> Aim of the exercise:
Please output only the lines running from the one that contains "Santa Anna Girls" through the last line of the data below, exactly as they stand, with no pictures.

> Stored data:
*** Begin section ***

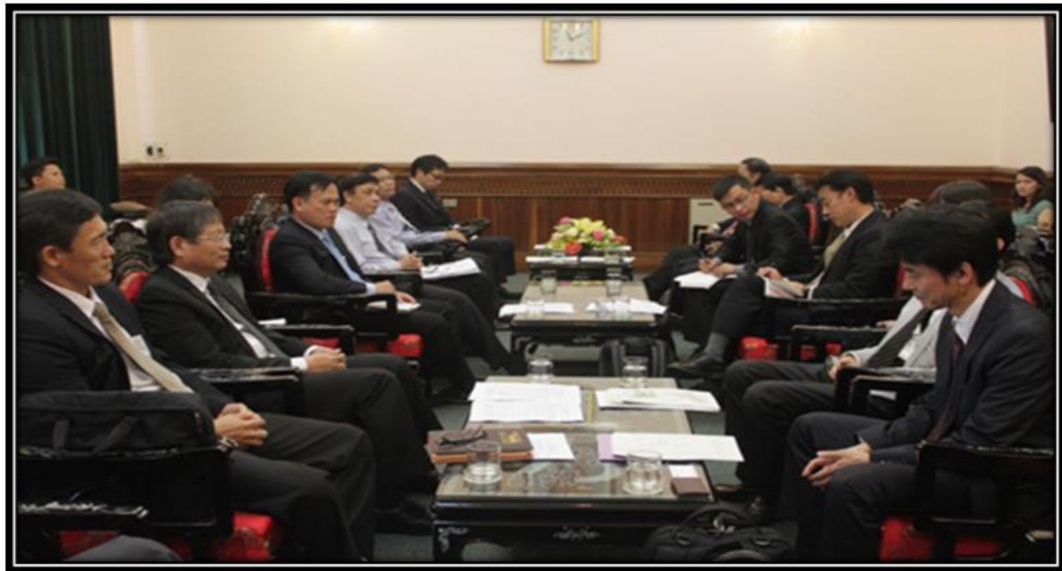
The meeting preparing for Urban Development Forum Tripartite Cooperation on Sustainable Development of Da Nang City (March, 2014)
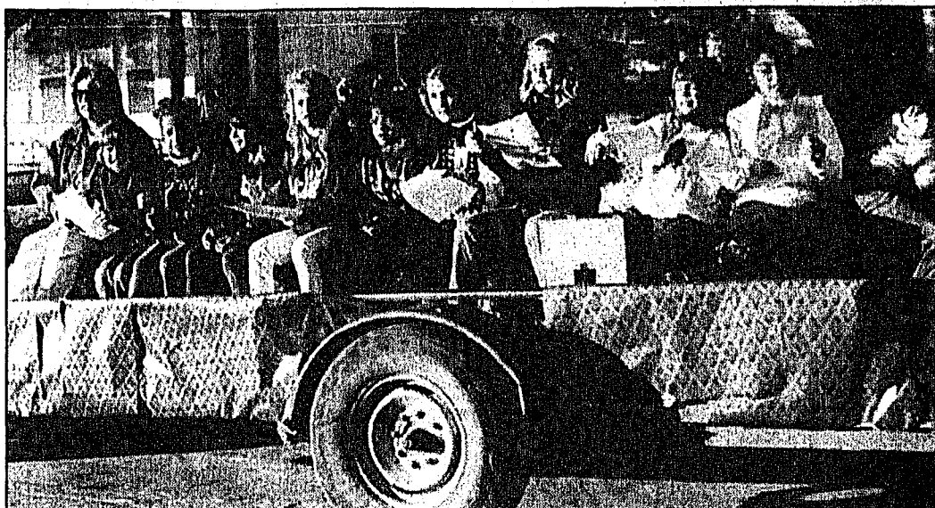
Santa Anna Girls Scouts were third place winners in the Christmas Parade.
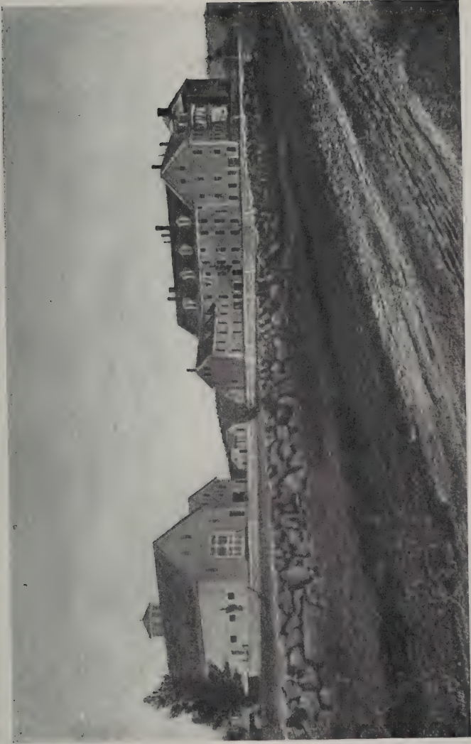
General View of Carroll County Buildings at Ossipee

*** End section ***

> Output of the task:
Santa Anna Girls Scouts were third place winners in the Christmas Parade.
General View of Carroll County Buildings at Ossipee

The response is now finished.